Graduation Date

Spring 5-4-2019

Document Type

Dissertation

Degree Name

Doctor of Philosophy (PhD)

Programs

Pharmaceutical Sciences

First Advisor

Jered C. Garrison

Abstract

The Gastrin-Releasing Peptide Receptor (BB2r) has been intensively investigated as a cancer target over the years. Numerous diagnostic and therapeutic BB2r-targeted agents have been developed for various solid tumors, including prostate cancers, due to the high expression level of BB2r on neoplastic relative to normal tissues. The development of those targeted agents have mainly utilized the modified c-terminal of bombesin(BBN), a peptide that has nanomolar binding affinity to human BB2r. However, a major issue that hinders the clinical translational potential of low-molecular weight, receptor-targted agents, is their short residence time at tumor tissues due to the intrinsically high diffusion and clearance rates.

Detailed in this dissertation is a comparison study investigating important biological differences between two mouse models of prostate cancer and how these factors impact the delivery of BB2r-targeted agents.

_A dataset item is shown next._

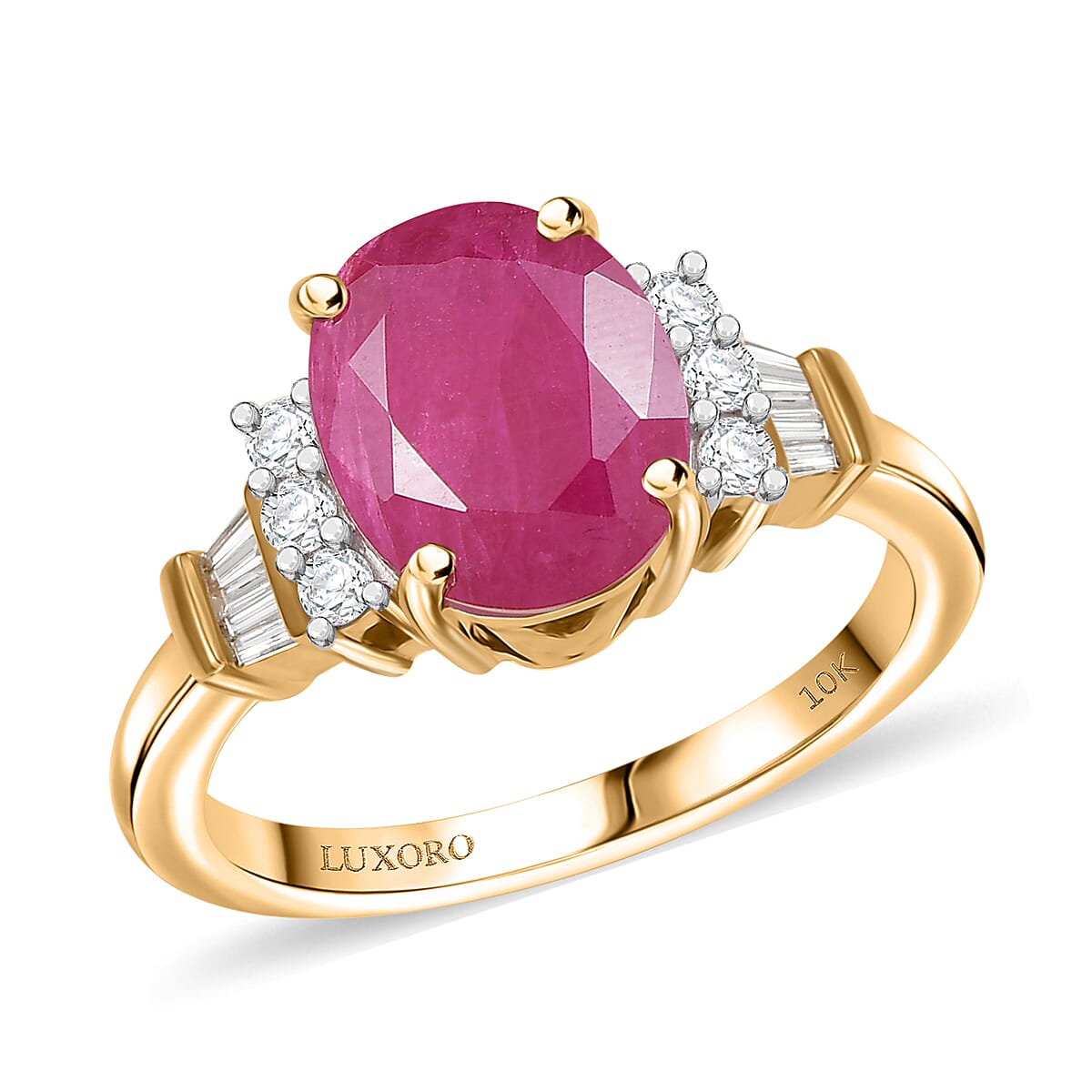 Luxoro AAA Montepuez Ruby and I1 Diamond 3.70 ctw Ring in 10K Yellow Gold (Size 9.0)
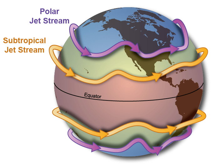 සාමාන්යය වශයෙන් ගත්හොත් ක්ෂේප හෙවත් ජෙට් ධාරා, බටහිර සිට නැගෙනහිරට පෘථිවිය වටා හමා යයි. එසේ ගමන් කරන්නේ, මහ පොළව මත එහාට් මෙහාට දඟර ගැසෙමි වක්රාකාර මාර්ගයක් අනුගමනය කරමින් ගලන ගඟක් මෙනනි. එක්සත් ජනපද අහස හරහා ක්ෂේප හෙවත් ජෙට් ධාරාව කිසි විටෙකත් එක තැනක රැඳෙන්නේ නැත – එය තව තවත් දකුණට චලනය වෙමින් ශීත සෘතුවේ දී තදින් හමා යන්නේ වී නමුත් ගිම්හානයේදී ඒ තරම් තදින් හමන්නේ නැත.

Specifically, we have evaluated the impact of differences in tumor vassculatur density, hypoxia burden and perfusion efficacy on BB2r-targeted agent uptake and distribution. Furthermore, herein, we proposed two different approaches to increase the tumor residualization of BB2r-targeted radiopharmaceutical agents, by developing chemical approaches to “trap” BB2r-targeted agents in prostate cancer cells through adduct formation with macromolecules. First proposed, BB2r-targted agents incorporating hydrophilic cysteine cathepsin (CC) inhibitors was developed. Due to the high concentration of CCs found in endolysosomal compartments, our agents have the ability to irreversibly bind to CCs after endocytosis. Two analogs, based on BB2r-targeted agonist and antagonist separately, demonstrated enhanced tumor retention and optimal tumor-to-non-target ratios compared to the matching controls. The second approach focused on the hypoxic nature of prostate cancer, which is due to the distorted architecture leading to the insuffucient delivery of oxygen, and was examined as a mechanism to increase retention of BB2r-targeted agents. Specifically, we explored the hypoxic-selectivity of a 2-nitroimidazole phosphoramide nitrogen mustard (2-NIPAM), a potential tumor trapping agent which is able to irreversibly bind to intracellular nucleophiles in hypoxic tissues.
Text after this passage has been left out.